= Ruvi =

Camera made by Sony

The Sony Ruvi is an analog video and still video camera released in 1998. The Ruvi was considerably smaller than any other camcorder available at the time, at 124 mm × 66 mm × 44.1 mm and 380 g. This made the Ruvi small enough to keep inside a shirt pocket. Ruvi is an abbreviation of Recording Unit by Video.

The small size was achieved by making the tape essentially non-removable. A miniature "video cartridge" contained thirty minutes of Hi8 tape permanently loaded around a conventional helical scan record head. The head itself was part of the cartridge, negating the need for a loading mechanism. Although user-replaceable, the cartridge was intended to be a service part and not a form of removable media.
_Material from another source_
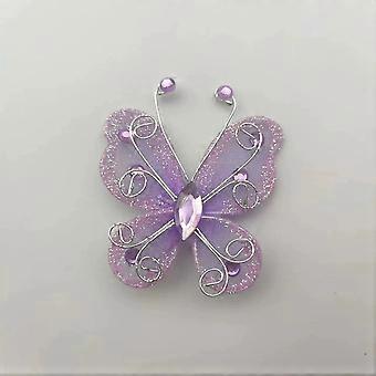 24pcs Purple Organza Wire Butterfly: Glitter Butterfly With Rhinestone - Sheer Mesh Wire Decorations - For Home Wedding Decoration
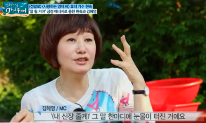 이어 “하루는 현숙 언니가 전화를 해서 ‘내가 너에게 신장을 하나 줄 수 있을 것 같다. 종합검진을 받아보니 내가 건강하다고 하더라’고 했다”며 “그 말을 듣는데 눈물이 펑펑 흘렀다. 수화기를 들고 서로 말없이 한참을 울었다”고 당시를 회상했다.

The Ruvi contained several features that were considered innovative at the time of its release. The camera had high-density electronics packaging and a color-reflective LCD screen. The Ruvi also featured mechanical linkages for zoom optics. It could record up to 350 stills on the cartridge, each still being able to hold up to five seconds of audio, and a search function that would display them all in sequence. An "End Search" button automatically located the end of recorded material, readying the camera for new recordings.

Though it was considered an engineering marvel at the time of its release, the Ruvi achieved only mild success, mainly due to certain engineering trade offs to achieve a smaller size. As a result, only one model was ever produced, the CCD-CR1, before the system was discontinued in 1999. The Ruvi was briefly released in the United States and the United Kingdom.